Ceviche and Pisco cocktails seem to be the key components that have translated to the London restaurant scene with the opening of both Lima and Ceviche featuring this fishy favourite washed down with a Pisco Sour for good luck.

Roasted Guinea Pig

Anyone researching Peruvian food will come across the tradition of eating Guinea Pig and it was indeed readily available, particularly inland in places such as Cusco. The truth is that it is a bit gamey but more importantly not exactly meaty.
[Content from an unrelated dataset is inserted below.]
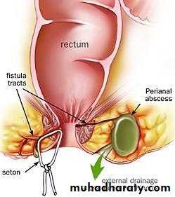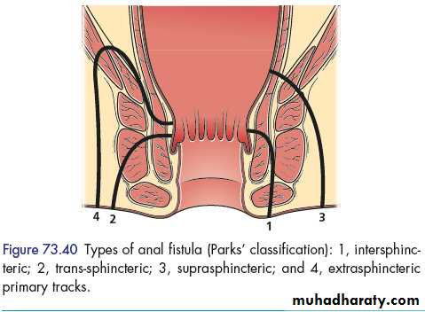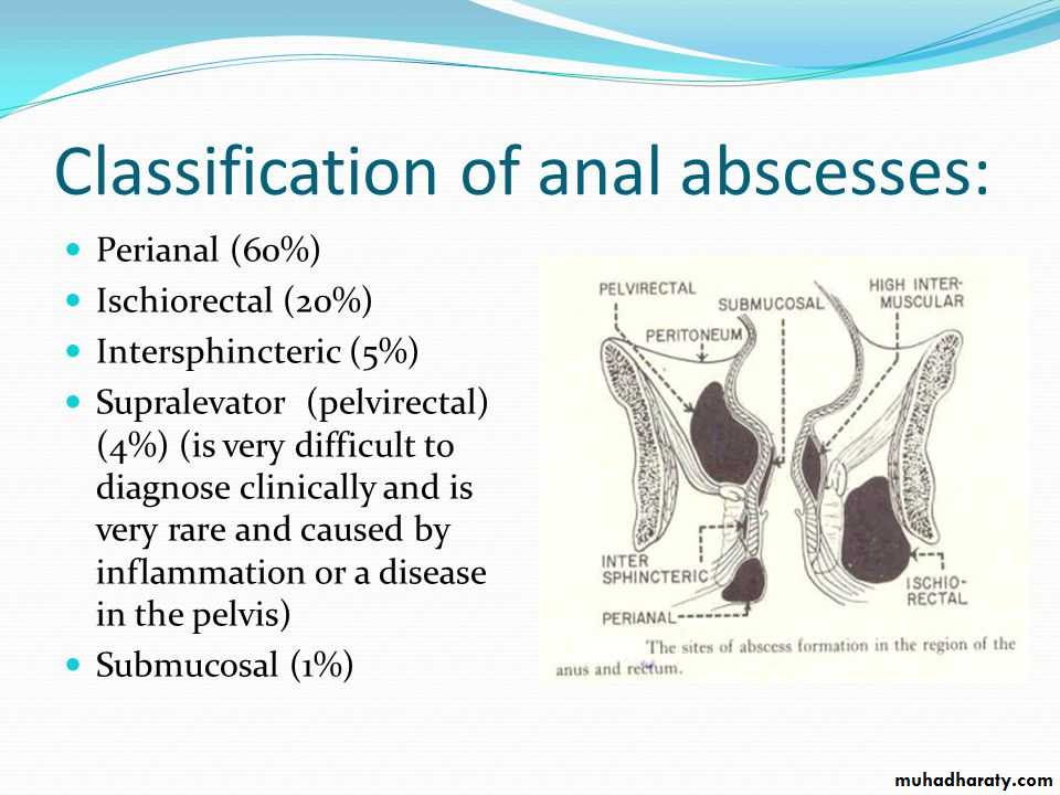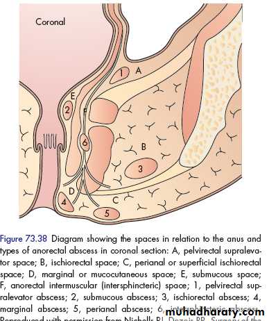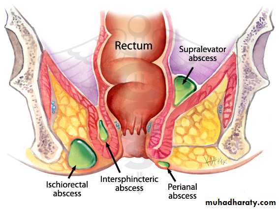 , may spread caudally to present as a perianal abscess, laterally across the external sphincter to form an ischiorectal abscess or, rarely, superiorly above the anorectal junction to form a supralevator intermuscular or pararectal abscess
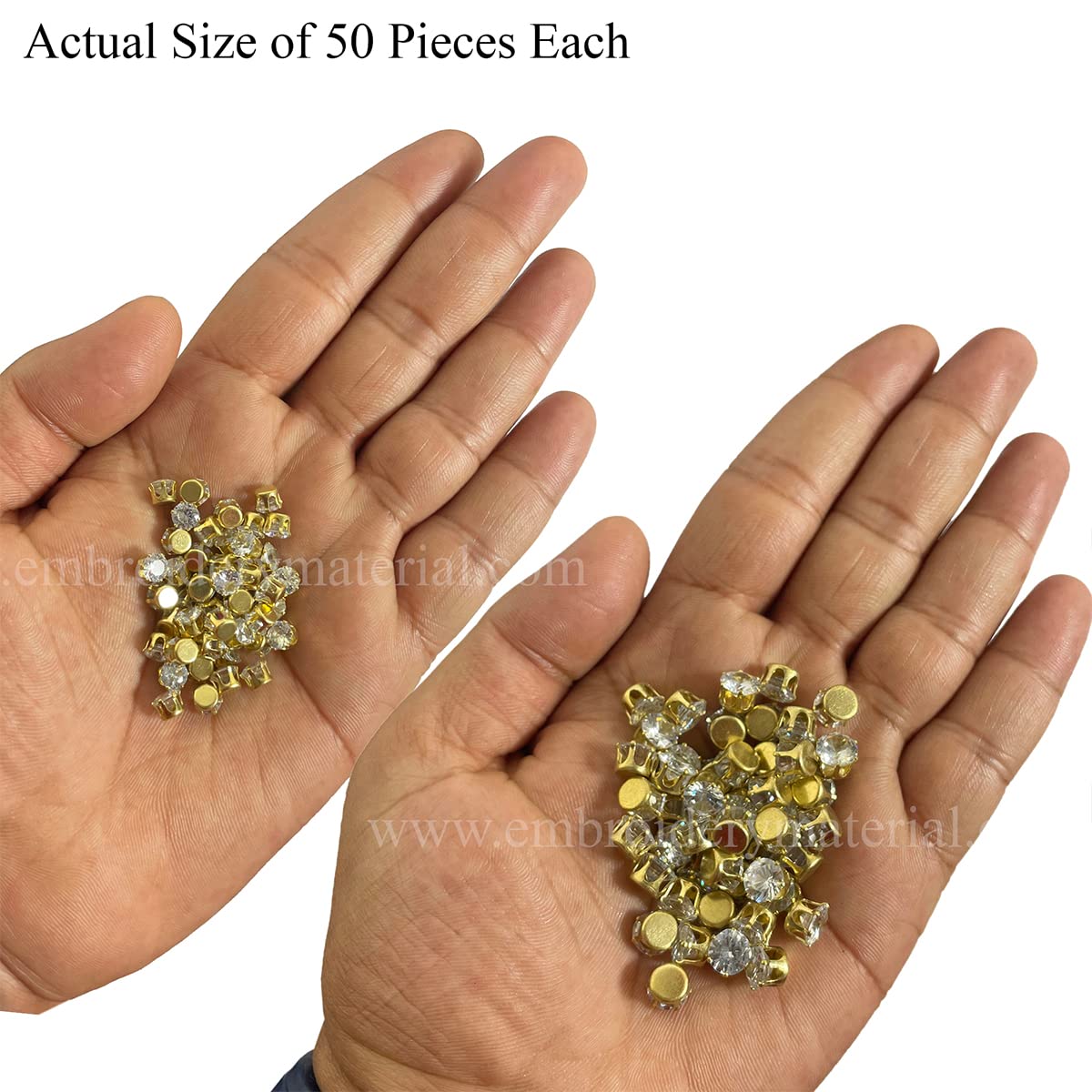 Elevate your jewelry making embroidery crafts fabrics and more with our exquisite Silver Rainbow Crystal Rhinestones in Crown Prong Setting. This pack includes 50 round-shaped rhinestones each measuring 5MM meticulously crafted to enhance your creations.Crafted with precision these rhinestones boast a captivating silver rainbow finish that adds a dazzling sparkle to any project. Set in durable brass crown prong settings these rhinestones not only offer style but also ensure secure placement.Made from high-quality crystal glass these rhinestones exhibit unparalleled clarity and brilliance. Their clear rainbow crystals without foiling create a mesmerizing visual effect perfect for adding depth and dimension to your designs.The crown prong setting design provides a distinctive high-rise appearance ideal for achieving a 2D effect when sewn onto fabric. Additionally the setting allows for a 1MM cord to effortlessly pass through the stone and prong making them perfect for creating jewelry items.

I could only conclude it was there to shock/delight (delete as applicable) the tourists rather than for its culinary prowess.

We were all much more impressed with the alpaca which was organically farmed and a really wonderful meat to eat. This is not some chicken-reincarnated quirk, but a wonderful, lean white meat that is more in the veal category and was enjoyed by almost everyone one in our group. Very light, moist and tasty.

The biggest revelation for the people I travelled with was Quinoa (pronounced “Keen-wa”).

This has been a trendy ingredient for some time now, especially since it is a gluten free and cholesterol free wholegrain, so a good carb alternative for coeliacs and all those dieters who think it’s a good idea to avoid carbs completely. This grain is a great substitute for rice or barley and whilst it is on all the trendy healthy salad menus these days, it was in fact a staple for the Incas way back in the 1400’s. It was known as The Mother Grain to them and much cultivated at the high altitudes of the Andes. Last year, Peru banked $23m from exporting this little grain so they must love the fact that it has caught on.

Quinoa is in fact a protein rich chenopod, if you know what that is, or distant relation to spinach to you and me. The part that we eat is in fact the seed of the plant. It is a complete protein, containing all of the eight amino acids and has been recognised by the UN as a supercrop for its health benefits, packed with dietary fibre, iron, phosphorus and magnesium.

But more to the point, it is easy to cook and pretty tasty with a nice nutty flavour. We all enjoyed the local Quinoa soup and Quinotto which is risotto made with quinoa rather than rice. The soup in particular was new to me and one that I will recreate in my kitchen. I saw it made in the house we stayed at in Juliaca, on Lake Titicaca. They ate it for breakfast and served it to us for dinner. Very yummy and quite a revelation watching it made with water from the well on their wood fired stove.